(Items from a dataset)
------------

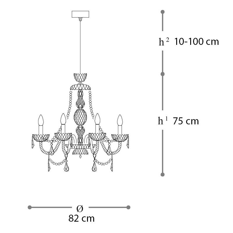 Центральный элемент — плафоны и декоративные детали из резного хрусталя, доступные в двух версиях: прозрачный и тёплый тик с глубоким, медовым оттенком экзотической древесины. Каждый хрустальный элемент вырезается вручную, что придаёт люстре богатую игру света — грани преломляют лучи, создавая бесконечное мерцание, а подвесы из хрусталя добавляют композиции воздушности и лёгкости.
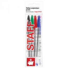 Ручки шариковые STAFF "Basic Budget BP-04", НАБОР 4 ЦВЕТА, линия письма 0,5 мм, 143872
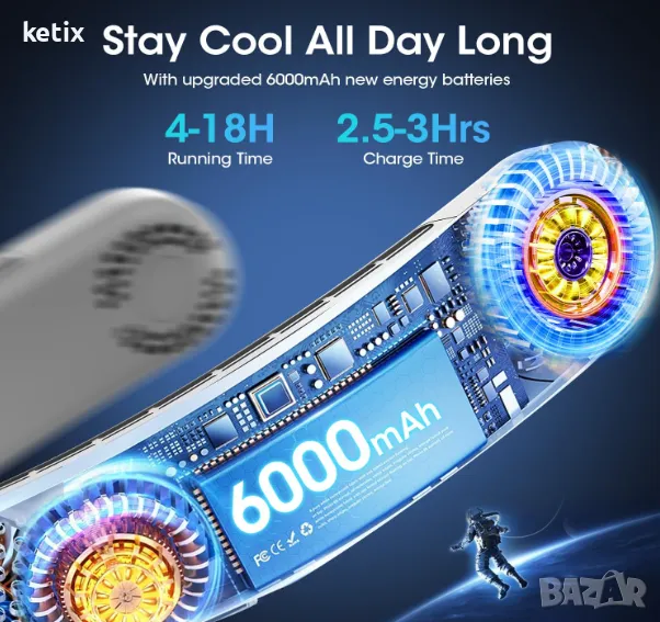 - 【Дълготраен живот на батерията】 Вградени акумулаторни батерии от 6000 mAh, енергийно ефективният капацитет на батерията поддържа вентилатора за врата да работи 4-18 часа (в зависимост от различните скорости) Нашият вентилатор за врата е съчетан с дизайн за бързо зареждане, което отнема само 2,5 часа, за да се заредите напълно, за да се насладите на силния въздушен поток в рамките на един ден.
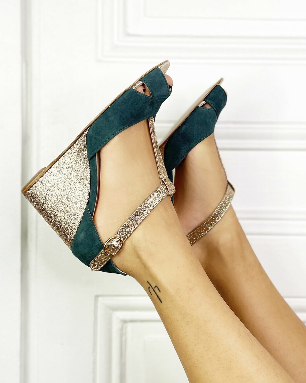 Salomé brides croisées avec talon compensé en velours vert eucalyptus et fines paillettes champagne. Talon compensé de 8 cm.
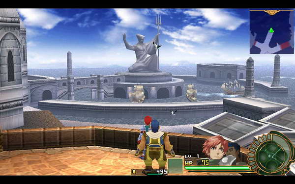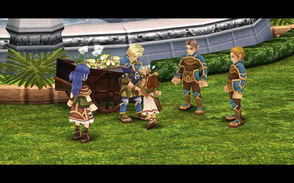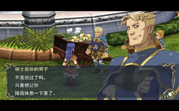 一路往北来到阿尔塔戈市的中心广场,发生剧情。阿尔塔戈的骑士千人长企图猥亵一旁的蓝发卖花少女,而刚才的黄发少女赶来也被欺辱,二话不说亚特鲁英雄救美的时刻到来了
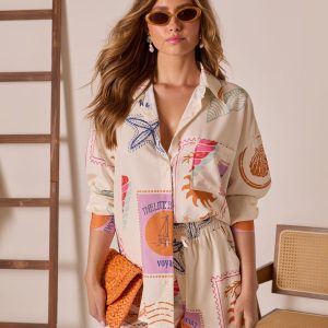 Be the first to review “Postcard Sent Stamp Print Drawstring Shorts”
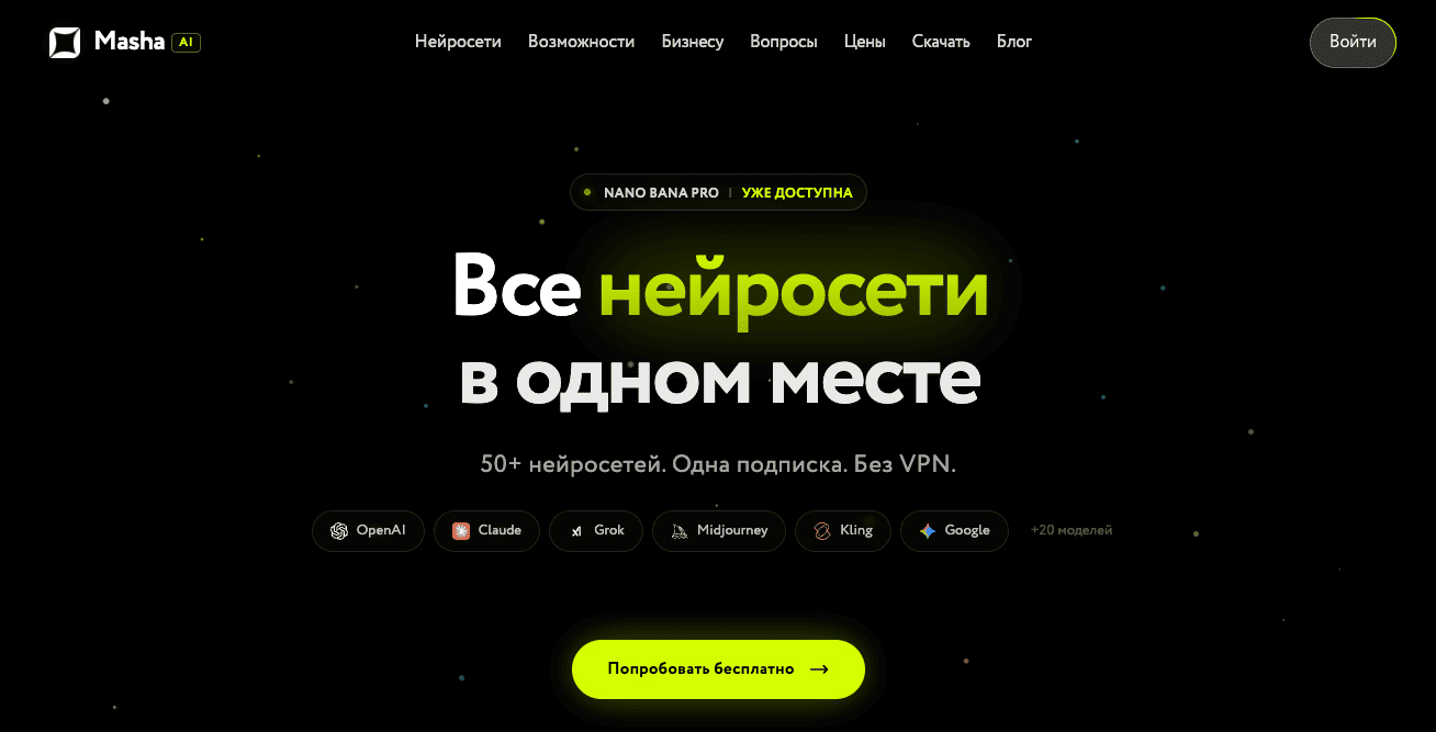 MashaGPT — это «структурированный гид», который хорошо заходит тем, кто любит порядок. Для Генерации идей это удобно: слева меню, внутри — понятные разделы по функциям, плюс отдельный креативный режим, где легче переключаться на творческие сценарии. По ощущению сервис старается быть простым и русскоязычным, без лишней терминологии. Но если вам важны самые свежие модели и широкий выбор, может не хватить глубины: набор нейросетей небольшой, а некоторые решения ощутимо дороже при сопоставимых возможностях.
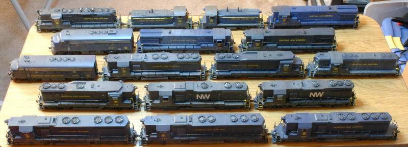 Row 1: GP9 733, SW8 2107, SW9 3374, U28B 1905 Row 2: F7A 3667, U28B 1904, U30B 8488 Row 3: F7A 3689, SD35 1521, GP30 2909, GP7 2413 Row 4: GP30 536, GP38AC 4101, GP35 1322 Row 5: SD45 1804, SD45 1769, SD40 1609
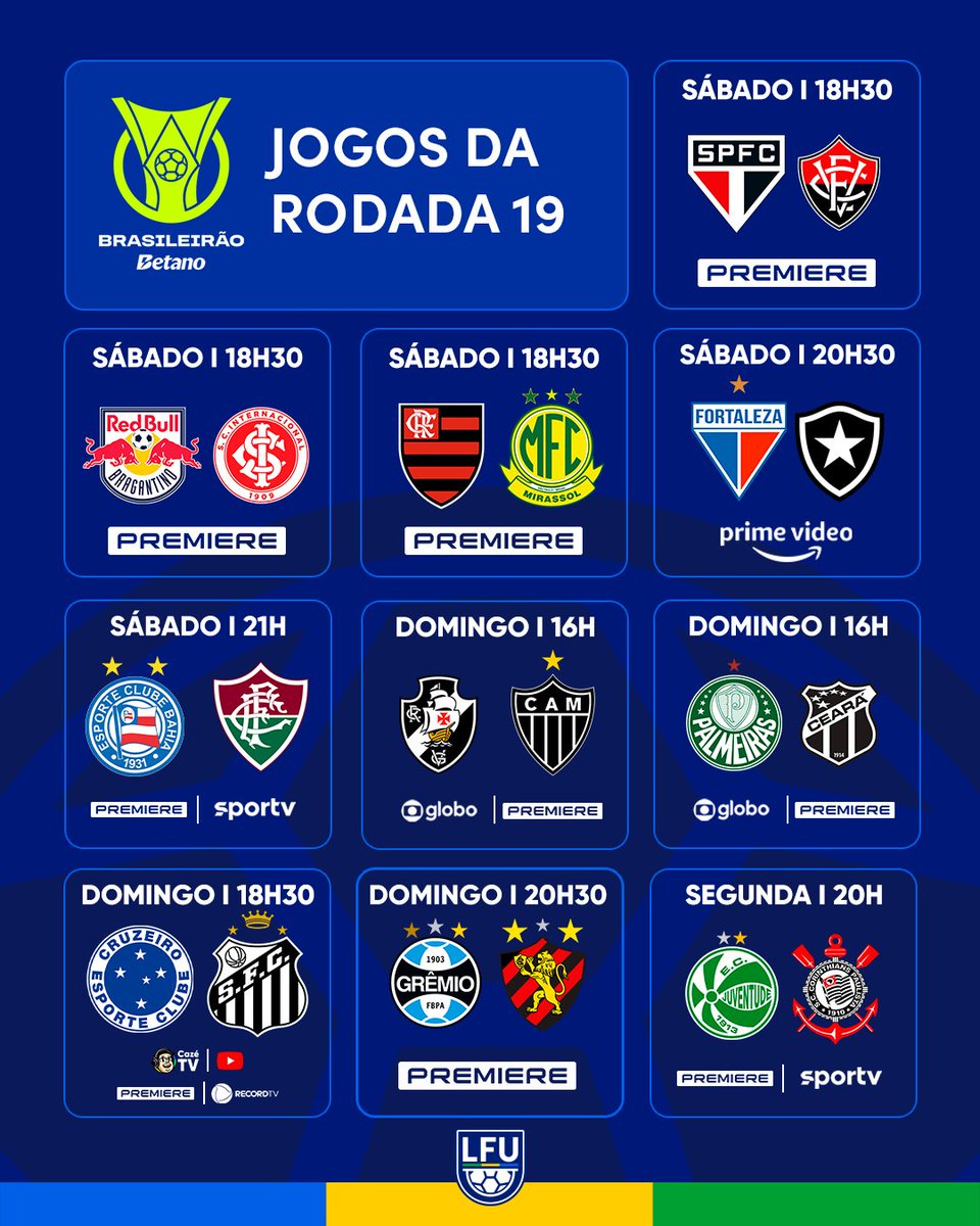 Se liga em todos os jogos e transmissões da rodada 19 do Brasileirão!
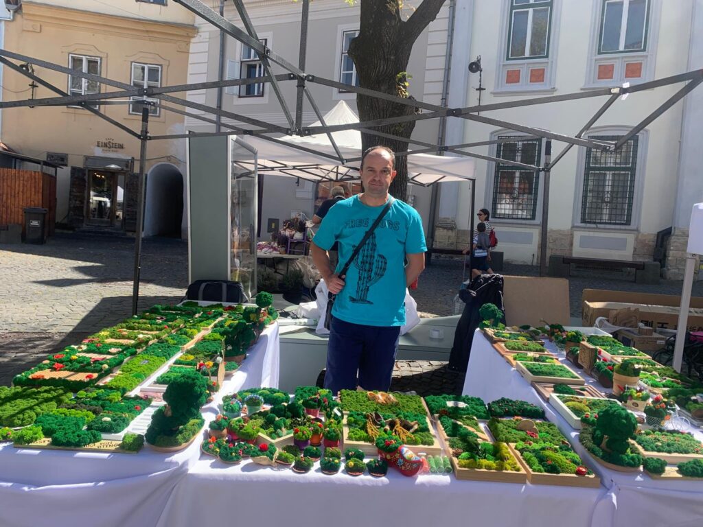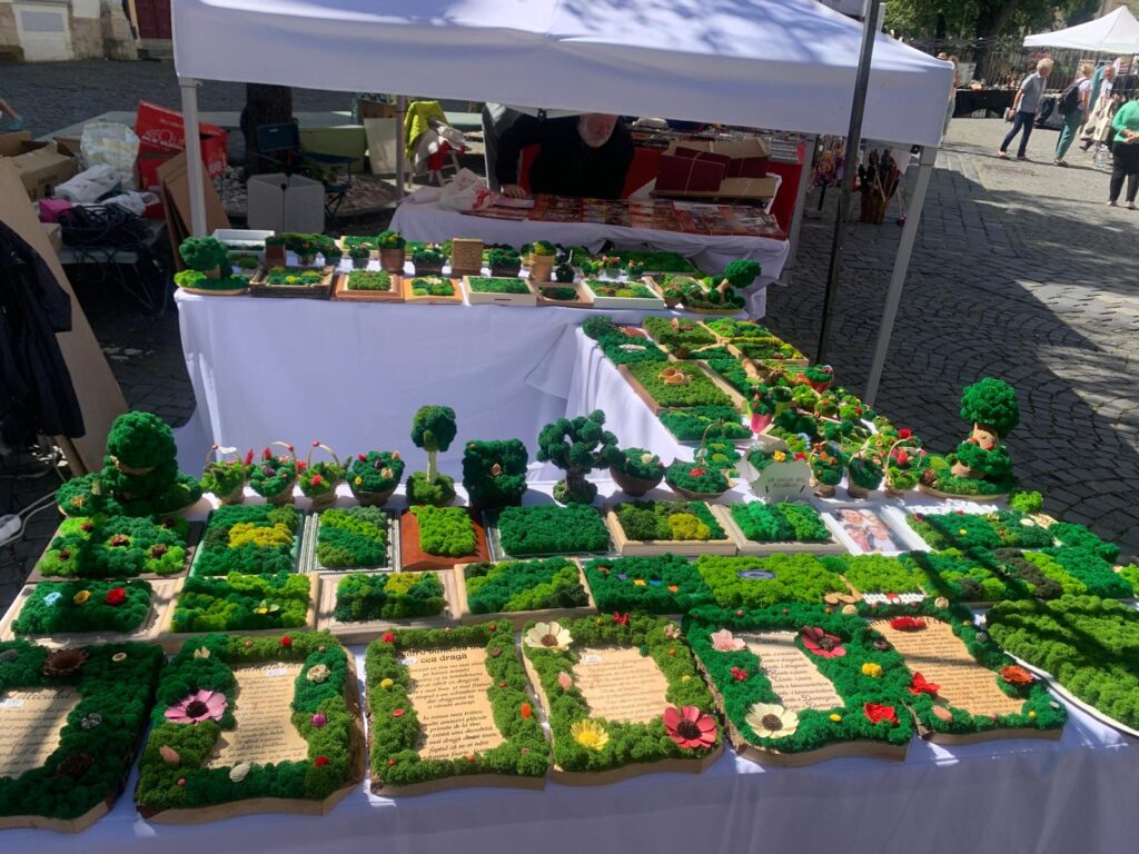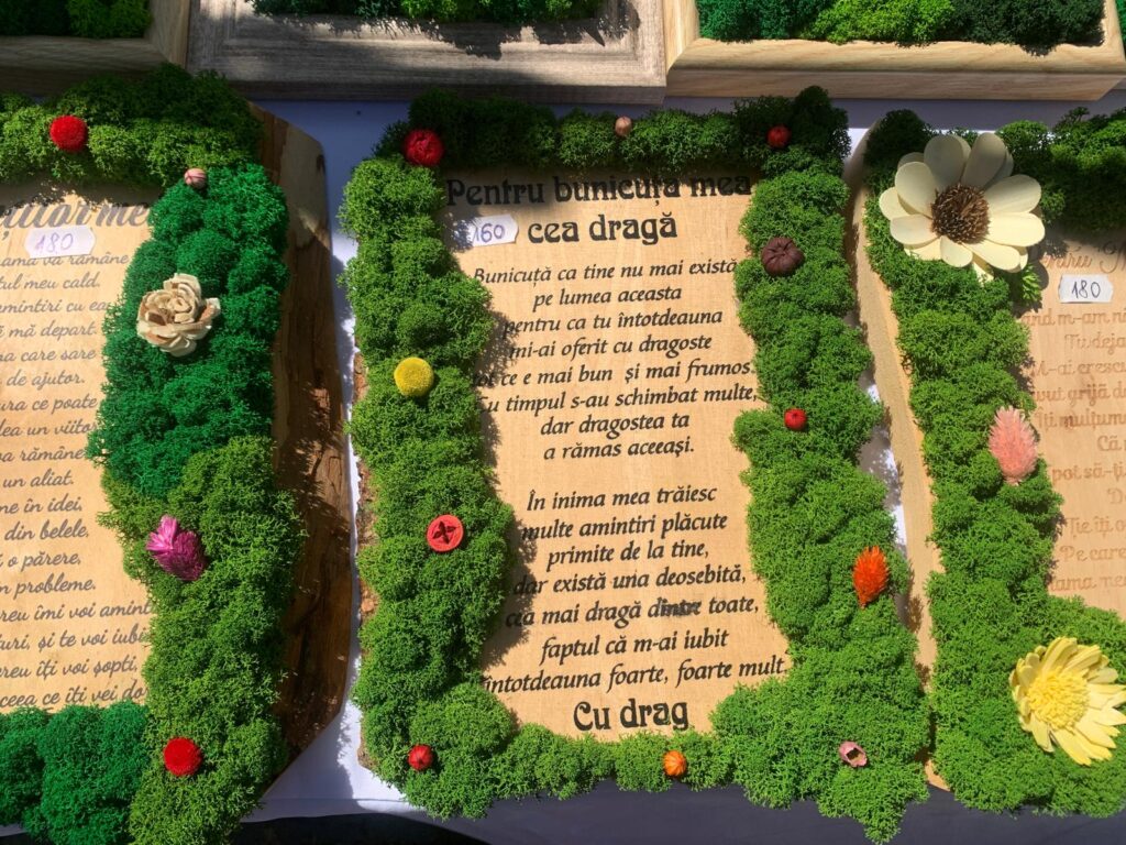 Un alt stand interesenat a fost a lui Cosmin Ciocoi din Cluj. Acesta lucrează de patru ani cu licheni decorativi, aduși din Norvegia și Finlanda. El ne-a explicat că respectivii licheni trec printr-un proces de colorare și stabilizare, având în mod natural o nuanță albă, asemănătoare untului. Lichenii absorb umiditatea din aer, îl purifică, nu atrag insecte, nu au nevoie de lumină sau intreținere și resping praful. Cosmin realizează lucrări de diferite dimensiuni, de la compoziții mici care necesită doar jumătate de oră, până la piese complexe ce pot dura mai multe ore. Acesta ne-a împărtășit că acest proiect cu lichenii a început când a oferit un cadou personalizat de el unui apropiat și de atunci a realizat acest business, numit „Licheni decorativi by Cosmin”.

------------

**WHAT NEEDS TO BE DONE**. Copy the entries above exactly, but only the stretch from the line containing "Be the first" through the line containing "MashaGPT — это". Keep both end lines; drop the pictures.

**ANSWER FOR THE TASK**.
 Be the first to review “Postcard Sent Stamp Print Drawstring Shorts”
 MashaGPT — это «структурированный гид», который хорошо заходит тем, кто любит порядок. Для Генерации идей это удобно: слева меню, внутри — понятные разделы по функциям, плюс отдельный креативный режим, где легче переключаться на творческие сценарии. По ощущению сервис старается быть простым и русскоязычным, без лишней терминологии. Но если вам важны самые свежие модели и широкий выбор, может не хватить глубины: набор нейросетей небольшой, а некоторые решения ощутимо дороже при сопоставимых возможностях.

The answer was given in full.